Check queries sent to ElasticSearch
To see queries that are sent to ElasticSearch by API Builder, you must run the Docker container with LOG_LEVEL=debug
. You can activate debug in your .env
file. This outputs the following in in the console of API Builder:
Using elastic search query body: {"index":"logstash-openlog","body":{"query":{"bool":{"must":[{"range":{"timestampOriginal":{"gt":1587541496568}}},{"term":{"processInfo.serviceId":"instance-1"}}]}}},"size":"1000","sort":""}
This helps you to further analyze if ElasticSearch is returning the correct information, for instance, using the Kibana development console.
ILM rollover alias error
If the solution is configured with different regions, you might see the following error in Kibana or in the Elasticsearch logs:
index.lifecycle.rollover_alias [apigw-traffic-summary] does not point to index [apigw-traffic-summary-us-dc1-000002]

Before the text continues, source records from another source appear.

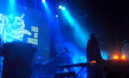 Palác Akropolis mi ako miesto určenia prišlo maximálne vhodné. Príjemná atmosféra, tak trochu útulné, ale hlavné je, že sál plus balkón s miestami na sedenie, poskytoval stále dostatok miesta pre relatívne vysoký počet zúčastnených. Prostredie teda bez debaty príhodnejšie, ako tá festivalová vrava v Jozefove. Začiatok akcie bol síce oficiálne posunutý na 19:30, ale inak to šlo ako švajčiarsky vlak podľa švajčiarskych hodiniek. Ani som teda nestihol preskúmať stánok s tričkami, vinylmi a inými suvenírmi a Attila Csihár, čoby one-man projekt VOID OF VOICES, už o pol mručal prvé slová do potemneného sálu, ožarovaného len sterilným modrým svetlom a pár sviečkami. Nie je to tak dávno, čo bol práve on ohlásený ako oficiálny „uvádzač“ ULVER. O tomto experimentálnom počine som mal doteraz len veľmi kusé informácie a preto som sa nechával prekvapiť, namiesto toho, aby som v predstihu pátral po dostupných nahrávkach na internete. Zahalený v čiernej róbe so špicatou kapucňou, pripomínal na pódiu niečo medzi SUNN O))) a nesvätým kazateľom. Ak som tomu správne pochopil, tak podstata približne polhodinu dlhého vystúpenia, spočívala v tom, že každý zvuk alebo slovo ktoré zo seba vydal, si následne cez pedál „nasľučkoval“ a naďalej sa tak pravidelne ozývalo z reproduktorov. S „podmazom“, ktorý si takto postupne vytvoril rôznymi variáciami šepotu, škrekotu, kazateľského hlasu alebo proste spevu à la Attila, následne pracoval digitálne a vytváral tak niečo na pomedzí noise-u a ambientu. Takže nedá sa povedať, že by celý projekt bol o tom, že si tam niekto celý čas len húka do mikrofónu. Zároveň určite nemusím podrobne opisovať, aká bizarná úchylnosť dokáže z niečoho takéhoto, pri Attilových hlasových dispozíciách a dostatočnej hlasitosti, vzniknúť. Ten časový priestor, ktorý bol pre VOID OF VOICES vyhradený sa javil ako absolútne postačujúci. Pretože napriek zaujímavosti, ktorou tento vskutku nevšedný akt disponoval, tá polhodinka bohato stačila, a po dvoch relatívne ucelených hlasovo-hlukových celkoch bolo hotovo. Každopádne, vytvoriť tak tuhú atmosféru len za pomoci hlasu a jednej neveľkej krabičky, si zasluhuje celkom obdiv. Pre niekoho možno klasicky nepochopiteľná nuda, kde sa nehrá ani na bubny, ale podľa môjho názoru ťažké zlo a hlavne skvelý úvod večera, s patričným puncom jedinečnosti!
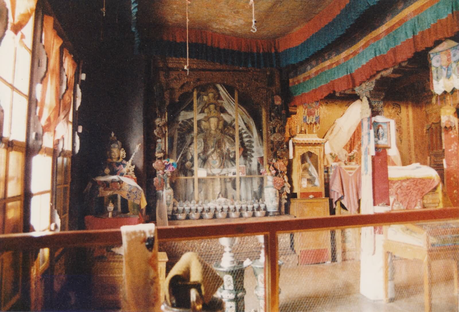 According to the Dalai Lama, among the many images in the temple was an image of Chenrizi, made of clay in the temple, within which the small wooden statue of the Buddha brought from Nepal was hidden. The image was in the temple for 1300 years, and when Songtsen Gampo died his soul was believed to have entered the small wooden statue. During the Cultural Revolution, the clay image was smashed and the smaller Buddha was given by a Tibetan to the Dalai Lama.
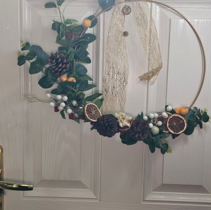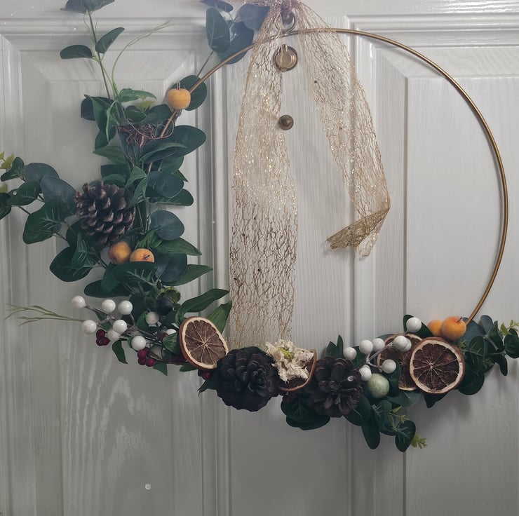 Beautiful Christmas golden hoop wreath decorated with artificial eucalyptus sprays, real pine cones, scented orange slices, artificial mistletoe berries
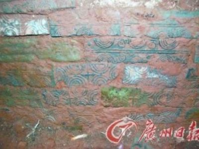 墓地内保存完好的一处古砖墙 河源市和平县林寨镇兴井古村落近日发现一座晋朝古墓...

When an index is rolled, for example, because of the size of the configuration, time has been reached or because of an update, a new index is created based on the corresponding index template. In this template, the ILM rollover alias is configured, which does not match the index if it is regional. API Builder checks periodically (every 10 minutes) if the ILM rollover alias is correct and adjusts it if necessary. You can also start this modification manually:
docker exec apibuilder4elastic wget --no-check-certificate https://localhost:8443/api/elk/v1/api/setup/index/rolloverAlias -O/dev/null
Additionally you may set the index rollover alias to the correct value using for example this request:
PUT /apigw-trace-messages-eu-000001/_settings
{
"index" : {
"lifecycle.rollover_alias" : "apigw-trace-messages-eu"
}
}
Check caching
The solution uses Memcached in API Builder and Logstash to avoid unnecessary duplicate queries for APIs and users. To check if entries are cached correctly, you can connect to Memcached via telnet localhost 11211
. The following are examples on how to use it.
Get slabs
Memcache is storing the data into slabs.
stats cachedump 2 0
ITEM ignoredAPIs:###Health Check [19 b; 1610535266 s]
ITEM ignoredAPIs:/healthcheck### [19 b; 1610535266 s]
ITEM index_status:events###N/A [27 b; 1610538266 s]
ITEM index_status:trace###N/A [27 b; 1610538266 s]
ITEM index_status:openlog###N/A [27 b; 1610538266 s]
END
You might also try stats cachedump 1 0
instead.
To get a key, for instance, the version check status, run:
get version_status:versionCheck
VALUE version_status:versionCheck 1 89
{I"
message:ETI"'Filebeat and Logstash version okay;TI"versionStatus;TI"ok;T
END
For more information, see Accessing Memcached from the command line, and PHPMemcachedAdmin to get insights about the Memcache instance.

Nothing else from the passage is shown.